** Work item **
For each entry, return the text exactly and omit any image.

------------------------------------------------

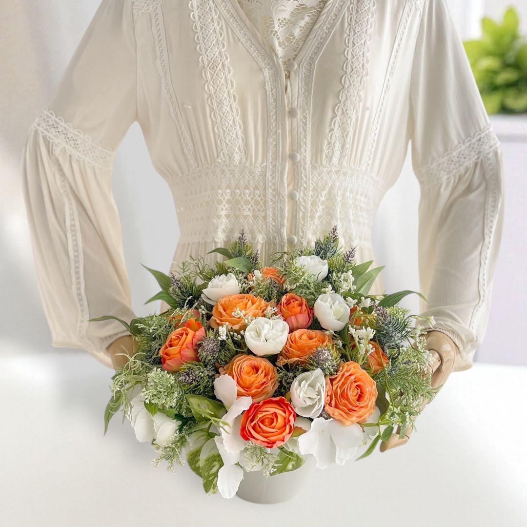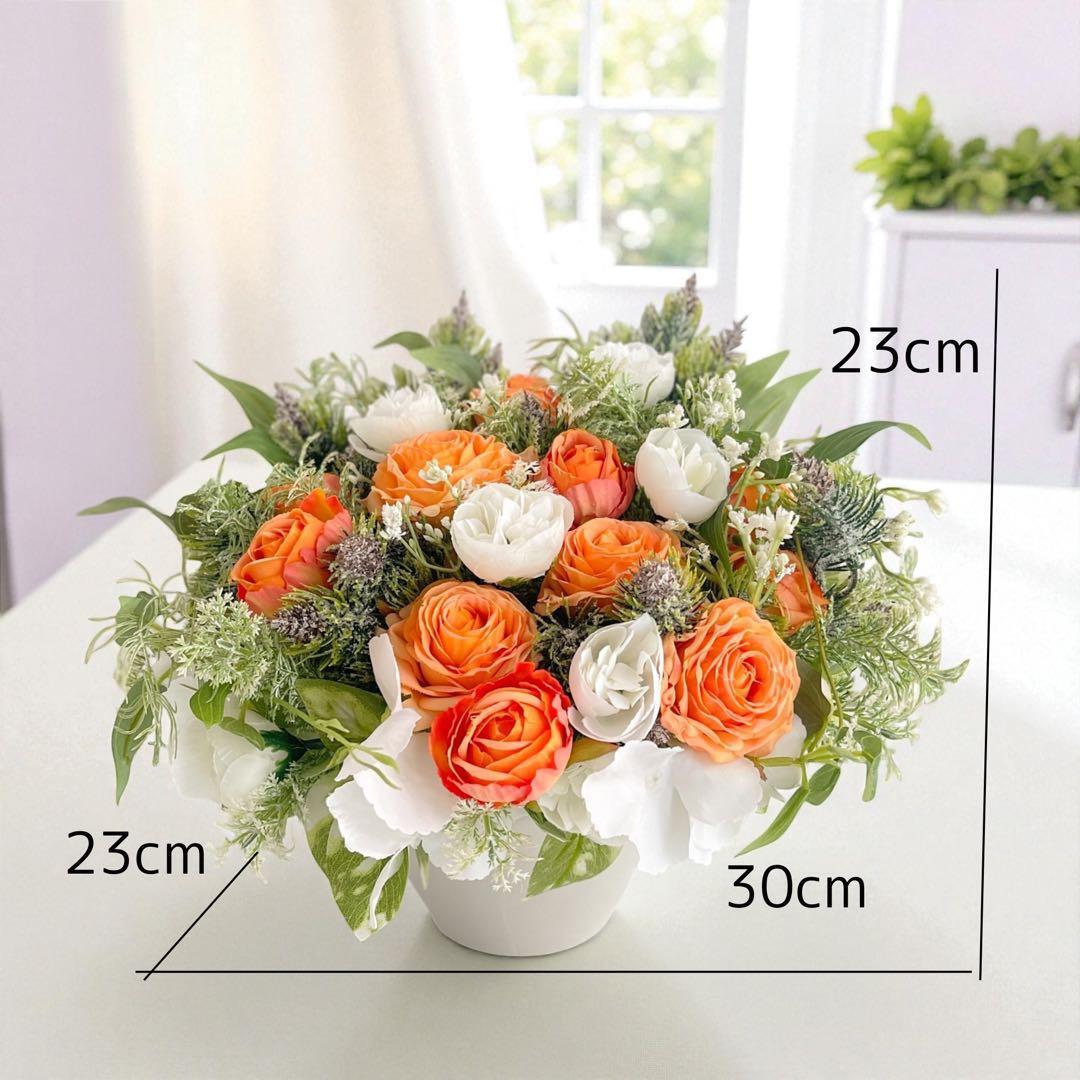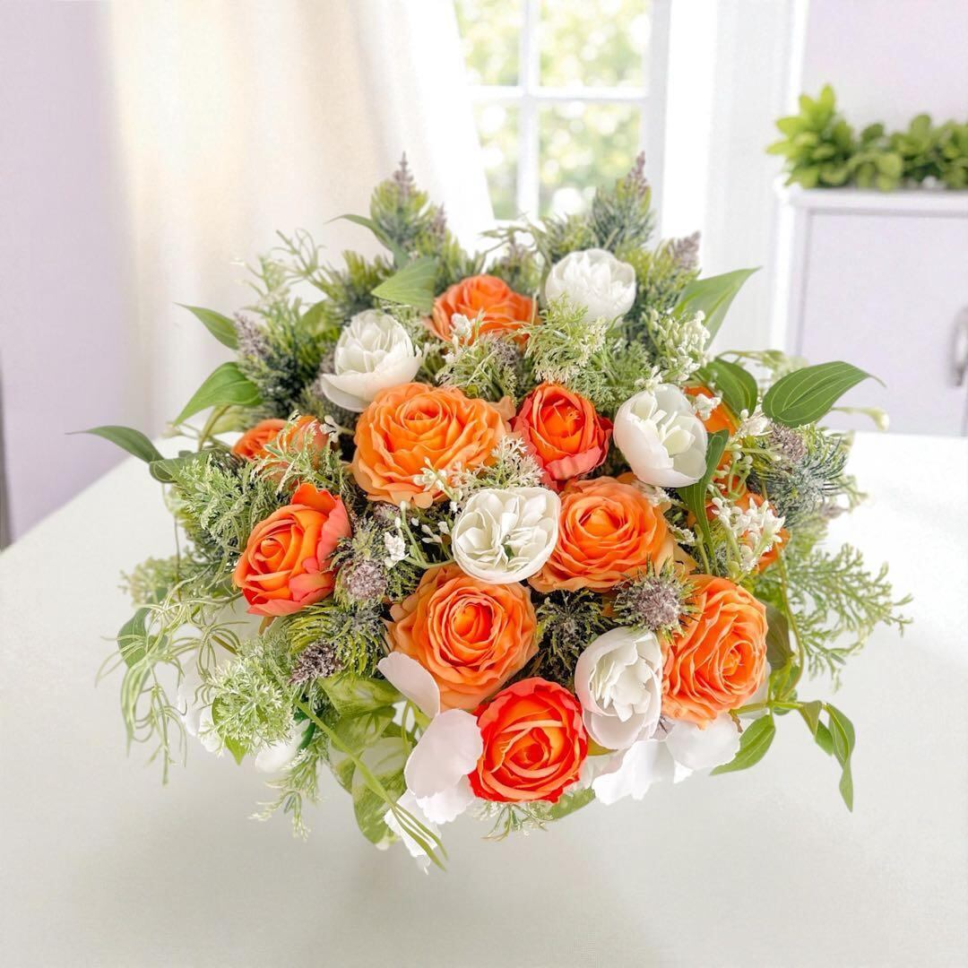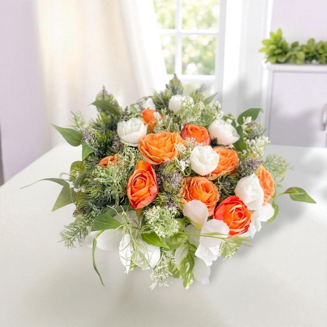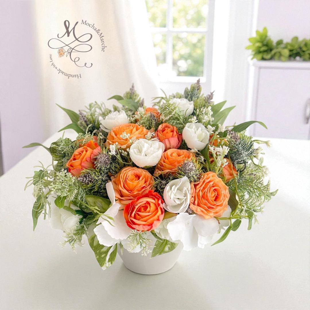 オレンジ&ホワイトローズの光触媒フラワーアレンジ|開店祝い・誕生日ギフト・造花 アーティフィシャルフラワー
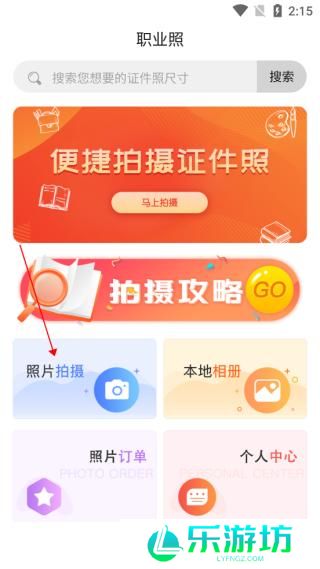 1、打开火山证件照app,选择【照片拍摄】。
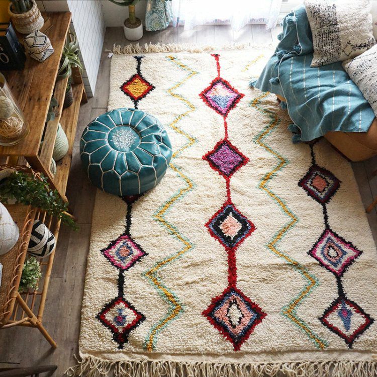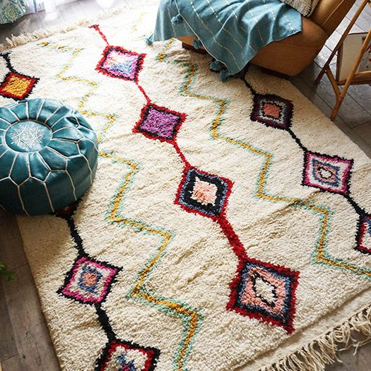 アトラス山脈に生息するモロッコの羊の毛をふんだんに使ったもこもこの手織りラグです。
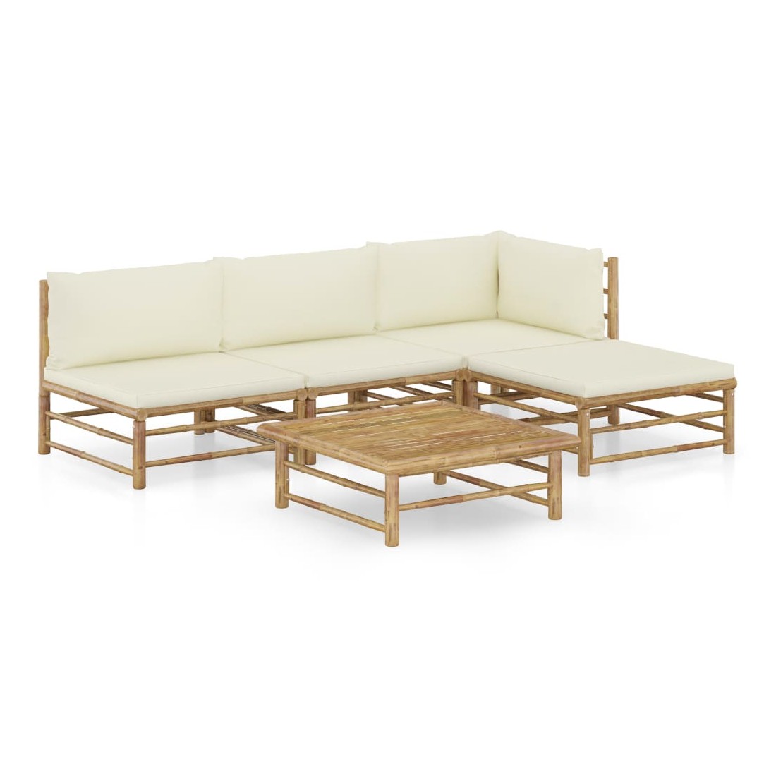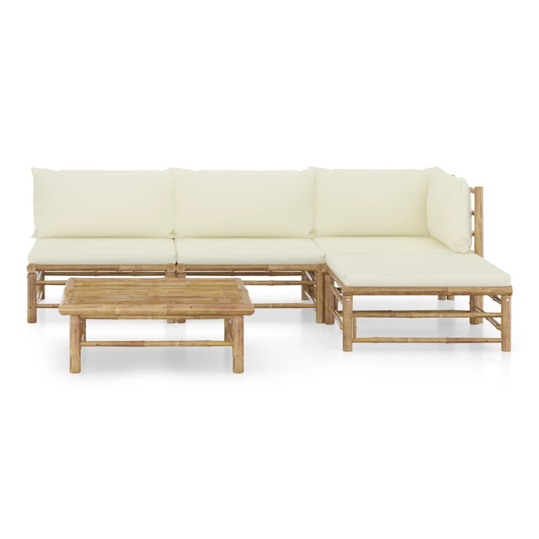 Créez un coin salon relaxant avec ce salon de jardin en bambou. Matériau durable : ce salon de jardin est en bambou, ce qui le rend robuste et facile à nettoyer. Expérience d’assise confortable : les coussins bien rembourrés ajoutent un confort supplémentaire à votre temps de détente. Housse amovible et lavable : les housses de coussin sont amovibles et lavables avec des fermetures éclair. Facile à déplacer : avec une construction légère, cet ensemble de salon d'extérieur est facile à déplacer. Conception modulaire : cet ensemble de meubles d'extérieur a une conception modulaire, ce qui le rend complètement flexible et facile à déplacer, afin que vous puissiez créer un agencement de meubles d'extérieur personnalisé. Bon à savoir :Pour que vos meubles d'extérieur restent beaux, nous vous recommandons de les protéger avec une housse imperméable.
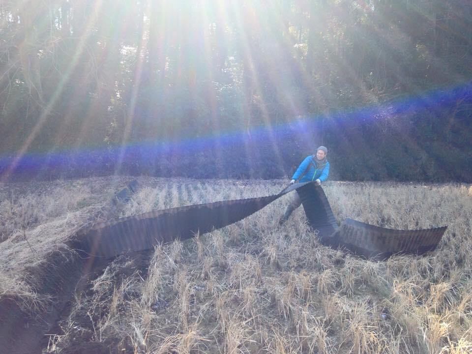 冬の間は田んぼの整備。囲いをはがして補修する準備です。
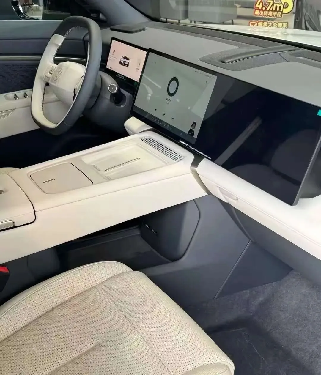 座舱用8295芯片,两个14.96英寸大屏,副驾还有个娱乐屏。语音能听懂“把副驾调低一点再开按摩”,不是只能答“好的”。扶手箱里有冰箱,俩手机放上去,50W无线充同时跑,带娃出门路上冰水、奶瓶、平板全安排明白。

------------------------------------------------

** Answer below **
 オレンジ&ホワイトローズの光触媒フラワーアレンジ|開店祝い・誕生日ギフト・造花 アーティフィシャルフラワー
 1、打开火山证件照app,选择【照片拍摄】。
 アトラス山脈に生息するモロッコの羊の毛をふんだんに使ったもこもこの手織りラグです。
 Créez un coin salon relaxant avec ce salon de jardin en bambou. Matériau durable : ce salon de jardin est en bambou, ce qui le rend robuste et facile à nettoyer. Expérience d’assise confortable : les coussins bien rembourrés ajoutent un confort supplémentaire à votre temps de détente. Housse amovible et lavable : les housses de coussin sont amovibles et lavables avec des fermetures éclair. Facile à déplacer : avec une construction légère, cet ensemble de salon d'extérieur est facile à déplacer. Conception modulaire : cet ensemble de meubles d'extérieur a une conception modulaire, ce qui le rend complètement flexible et facile à déplacer, afin que vous puissiez créer un agencement de meubles d'extérieur personnalisé. Bon à savoir :Pour que vos meubles d'extérieur restent beaux, nous vous recommandons de les protéger avec une housse imperméable.
 冬の間は田んぼの整備。囲いをはがして補修する準備です。
 座舱用8295芯片,两个14.96英寸大屏,副驾还有个娱乐屏。语音能听懂“把副驾调低一点再开按摩”,不是只能答“好的”。扶手箱里有冰箱,俩手机放上去,50W无线充同时跑,带娃出门路上冰水、奶瓶、平板全安排明白。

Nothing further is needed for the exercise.